Main characteristics of the teckel
- Size of the teckel → Small / mini / kaninchen.
- Weight → between 9 and 12kg / between 4 and 5kg / between 3 and 4kg
- Height → between 35 and 45cm / between 30 and 35cm / between 20 and 30cm
- Life expectancy → from 12 to 16 years
- FCI Classification → Group 4, section 1.
Also known as Dachshund, it is a dog breed native to Germany. It was bred in the 17th century to hunt small animals such as badgers, rabbits and foxes.
It is believed that it is the result of the crossing of breeds such as the Basset Hound, the Pinscher and the Terrier, although its exact origin is somewhat uncertain. Initially, the Teckel was used to hunt animals in underground pits, thanks to its long and thin body that allowed it to enter these spaces. Over time, it became popular as a pet due to its small size and unique appearance.
The Teckel is a dog with a courageous and self-confident character.
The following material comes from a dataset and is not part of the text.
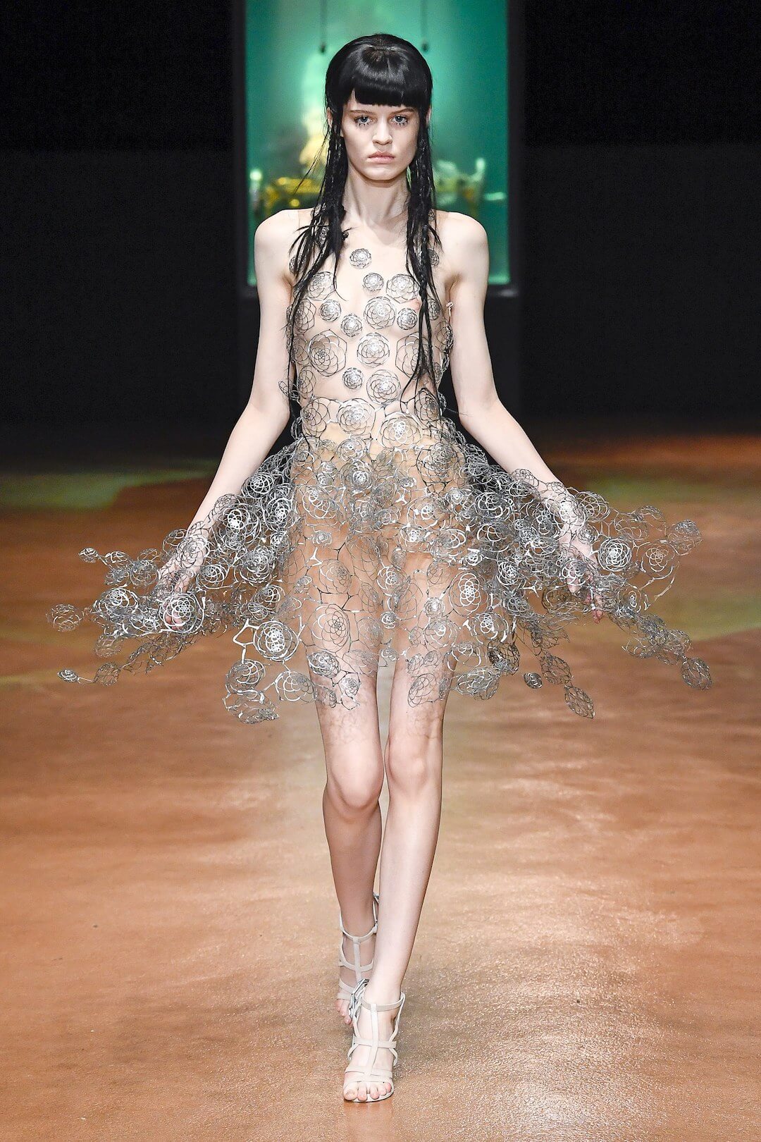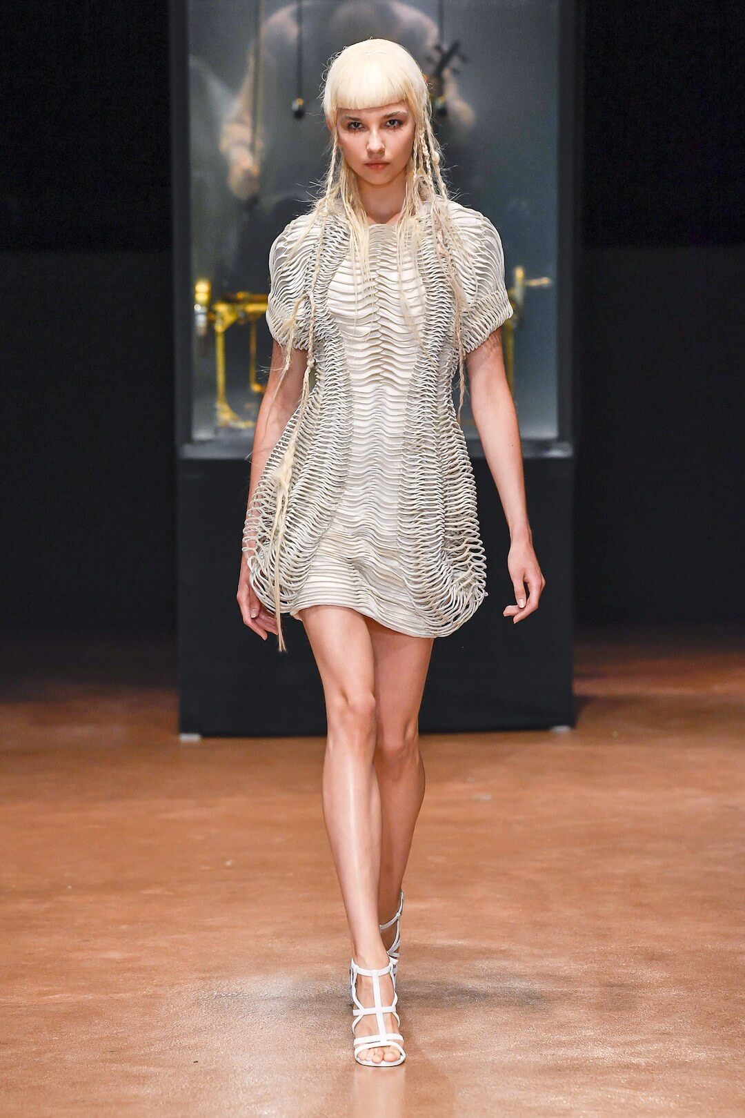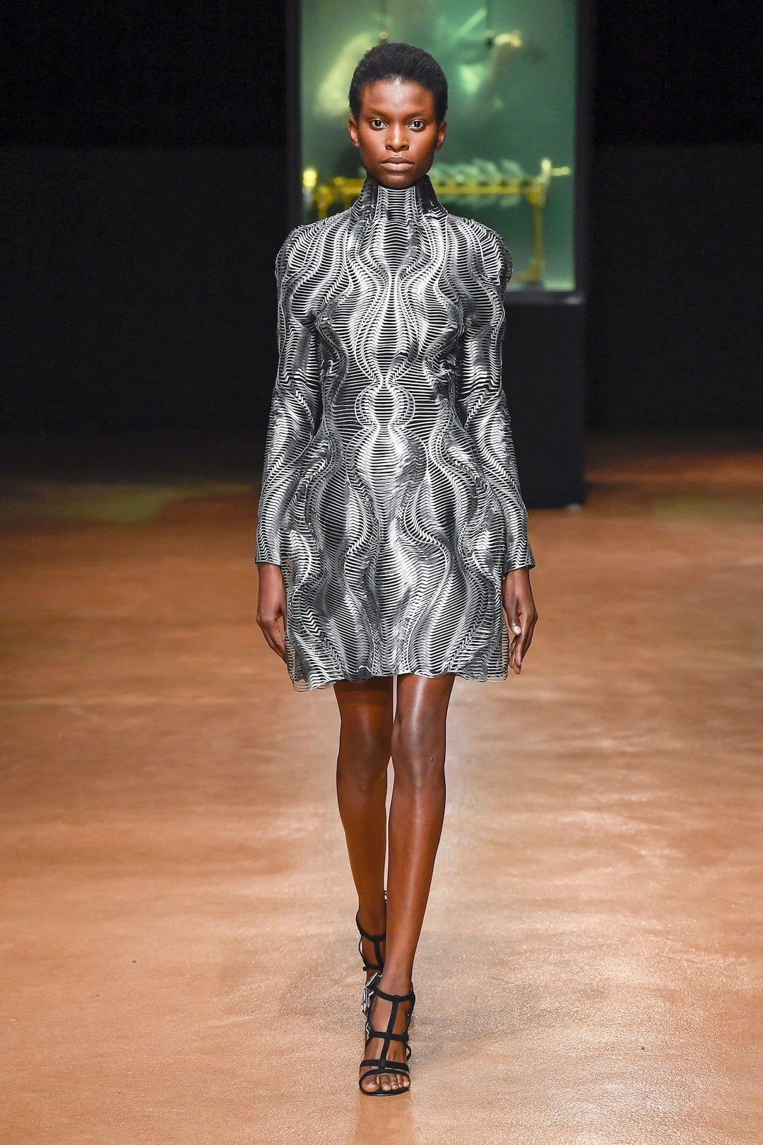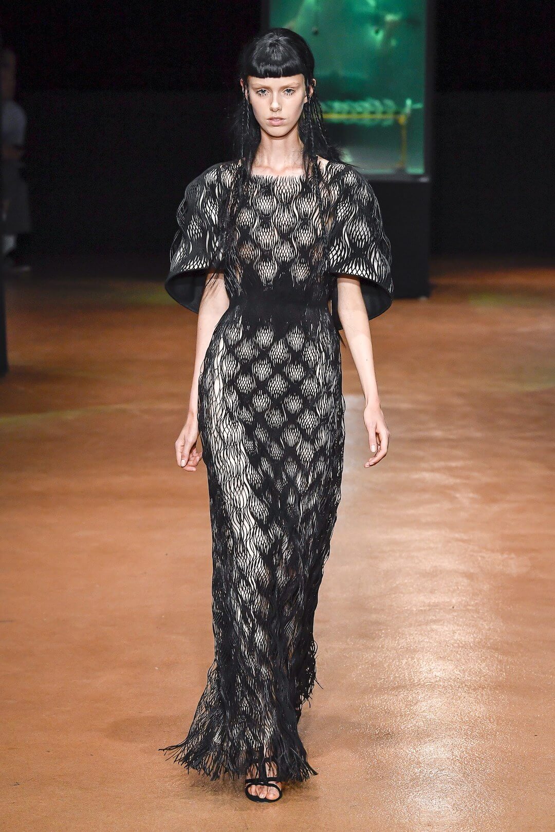 We’re not usually lost for words, but it really was quite breathtaking. Clothes themselves were typically fascinated with the intersection of fashion, sculpture and technology – here looking at that through the filter of air and water – rippling patterns, sheer layering and these “biomorphic” gowns made from delicate, feather-light metal, mapping the surface of the model’s bodies. Iris spoke of the whole thing coming from first listening to Beyond Music’s work, saying: “it motivated me to dive into the contrasts between water and air, between outside and inside, between lightness and darkness.” Clothing for the futuristic fashion fiend. He’s to the next ten years.

He is very intelligent and cunning, which makes him an excellent hunter and a loyal companion. Although he is a bit stubborn and obstinate, he is also very affectionate and loving towards his family. It is an active and energetic dog that needs a lot of exercise and mental stimulation to stay happy and healthy. In addition, it can be a bit reserved with strangers and other dogs, but with the right socialization from an early age, it can get along with everyone. In short, the Teckel is a very special and charming dog, who often becomes his master’s best friend.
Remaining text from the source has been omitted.